Saturday, January 24, 2015

Accidental Detective




A friend to honesty and 

a foe to crime

--Allan Pinkerton


Born in Glasgow, Scotland in 1819, Allan Pinkerton might never have followed in his policemen father’s footsteps had it not been for a chance encounter.

A cooper by trade, he ran afoul of the law because of his political affiliations and he and his wife fled Scotland and ended up in America. After settling in Illinois, he dreamed of monopolizing the cooper manufacturing company in the region and called his company Pinkerton’s One and Original Cooperage of Dundee.


FATE INTERVENES
While cutting down poles for his barrels, he came across a counterfeiting ring. He reported his discovery to the sheriff, who immediately deputized him to help find the leader.  Allan set up a sting and caught him.  The Cook County sheriff was so impressed he offered Allan a job. 


Allan eventually decided to start his own detective agency, the only one of its kind, and the Pinkerton National Detective Agency became reality. The agency’s “seeing-eye” logo  inspired the phrase private eye.

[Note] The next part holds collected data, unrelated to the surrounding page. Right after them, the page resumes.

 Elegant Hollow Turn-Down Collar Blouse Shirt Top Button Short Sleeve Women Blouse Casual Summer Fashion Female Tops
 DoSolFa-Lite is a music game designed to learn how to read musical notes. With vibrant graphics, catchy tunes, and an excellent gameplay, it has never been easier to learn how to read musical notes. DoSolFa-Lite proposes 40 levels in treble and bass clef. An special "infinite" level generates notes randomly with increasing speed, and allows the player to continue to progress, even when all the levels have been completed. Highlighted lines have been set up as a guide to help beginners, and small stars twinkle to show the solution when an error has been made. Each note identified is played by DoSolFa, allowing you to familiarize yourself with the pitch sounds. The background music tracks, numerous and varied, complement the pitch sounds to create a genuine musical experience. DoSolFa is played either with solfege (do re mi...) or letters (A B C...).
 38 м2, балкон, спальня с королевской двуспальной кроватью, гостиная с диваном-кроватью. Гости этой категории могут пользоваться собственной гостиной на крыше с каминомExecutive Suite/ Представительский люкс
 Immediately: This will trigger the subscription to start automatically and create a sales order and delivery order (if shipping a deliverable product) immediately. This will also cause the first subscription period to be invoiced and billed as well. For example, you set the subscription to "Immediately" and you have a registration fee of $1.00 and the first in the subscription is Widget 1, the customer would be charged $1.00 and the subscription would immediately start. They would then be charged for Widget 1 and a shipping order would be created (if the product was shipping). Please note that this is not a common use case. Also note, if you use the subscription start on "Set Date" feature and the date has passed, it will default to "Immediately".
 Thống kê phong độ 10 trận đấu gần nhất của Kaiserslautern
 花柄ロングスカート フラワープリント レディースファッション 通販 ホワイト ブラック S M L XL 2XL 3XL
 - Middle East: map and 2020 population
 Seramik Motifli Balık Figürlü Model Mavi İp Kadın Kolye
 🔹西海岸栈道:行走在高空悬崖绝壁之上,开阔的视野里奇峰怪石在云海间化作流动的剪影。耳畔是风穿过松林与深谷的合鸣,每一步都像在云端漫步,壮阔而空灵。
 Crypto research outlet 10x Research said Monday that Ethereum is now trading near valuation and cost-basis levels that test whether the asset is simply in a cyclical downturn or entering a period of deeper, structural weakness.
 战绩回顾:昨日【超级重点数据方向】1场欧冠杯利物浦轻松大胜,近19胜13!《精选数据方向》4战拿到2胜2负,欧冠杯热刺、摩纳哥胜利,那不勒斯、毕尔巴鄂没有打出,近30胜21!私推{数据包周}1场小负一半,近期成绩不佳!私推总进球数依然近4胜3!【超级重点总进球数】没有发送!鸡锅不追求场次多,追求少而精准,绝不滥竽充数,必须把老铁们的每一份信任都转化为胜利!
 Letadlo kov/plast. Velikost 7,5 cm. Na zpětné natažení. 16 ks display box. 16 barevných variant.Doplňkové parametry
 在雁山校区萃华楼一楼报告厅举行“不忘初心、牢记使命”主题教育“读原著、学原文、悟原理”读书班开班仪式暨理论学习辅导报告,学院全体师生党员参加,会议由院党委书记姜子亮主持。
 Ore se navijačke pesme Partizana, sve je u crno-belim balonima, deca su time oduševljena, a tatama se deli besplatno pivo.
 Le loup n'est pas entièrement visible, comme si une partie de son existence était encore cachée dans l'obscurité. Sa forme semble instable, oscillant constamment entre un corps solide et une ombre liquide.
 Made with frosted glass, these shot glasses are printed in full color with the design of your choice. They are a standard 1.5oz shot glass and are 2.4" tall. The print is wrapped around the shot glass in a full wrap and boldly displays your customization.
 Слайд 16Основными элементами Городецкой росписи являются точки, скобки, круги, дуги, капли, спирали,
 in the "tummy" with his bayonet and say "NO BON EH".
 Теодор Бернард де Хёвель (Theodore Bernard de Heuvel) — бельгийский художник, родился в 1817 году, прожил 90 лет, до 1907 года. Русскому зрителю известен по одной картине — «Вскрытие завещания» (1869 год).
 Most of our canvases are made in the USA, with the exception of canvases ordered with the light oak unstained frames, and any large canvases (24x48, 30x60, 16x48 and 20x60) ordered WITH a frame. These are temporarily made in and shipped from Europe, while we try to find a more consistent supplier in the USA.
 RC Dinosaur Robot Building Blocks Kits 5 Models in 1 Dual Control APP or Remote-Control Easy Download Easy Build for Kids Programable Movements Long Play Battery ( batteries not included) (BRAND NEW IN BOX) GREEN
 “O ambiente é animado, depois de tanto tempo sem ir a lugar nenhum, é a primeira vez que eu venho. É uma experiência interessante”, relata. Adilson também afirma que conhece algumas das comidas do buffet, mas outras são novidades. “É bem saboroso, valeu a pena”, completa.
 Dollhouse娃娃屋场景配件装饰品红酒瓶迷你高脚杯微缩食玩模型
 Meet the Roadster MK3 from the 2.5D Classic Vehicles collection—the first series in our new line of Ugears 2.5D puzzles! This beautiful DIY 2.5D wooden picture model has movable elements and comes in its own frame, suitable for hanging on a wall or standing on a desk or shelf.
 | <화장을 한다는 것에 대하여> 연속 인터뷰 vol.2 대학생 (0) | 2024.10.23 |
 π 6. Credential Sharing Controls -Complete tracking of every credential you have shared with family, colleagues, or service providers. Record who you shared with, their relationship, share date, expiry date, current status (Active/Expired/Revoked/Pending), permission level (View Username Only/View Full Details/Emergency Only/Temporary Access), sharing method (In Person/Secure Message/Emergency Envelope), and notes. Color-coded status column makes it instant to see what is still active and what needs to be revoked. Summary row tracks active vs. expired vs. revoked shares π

The Pinkerton name became a household word when he prevented an assassination plot on President-elect Lincoln.  Lincoln then hired Allan to organize the Secret Service to stop counterfeiting.

MANY THINGS TO MANY PEOPLE
Allan was accused of being both a traitor and a patriot. He was also innovative and many of his methods are still used to today. The first to use photography as a crime-fighting tool, he collected what he called mug shots and newspaper articles, and organized files on every known criminal in the country.

PETTICOAT DETECTIVES
He was also ahead of his time in other areas as well and hired his first female detective Kate Warne in 1852. He thought she was applying for a secretary job but she soon relieved him of that notion. Oh, to have been at that meeting!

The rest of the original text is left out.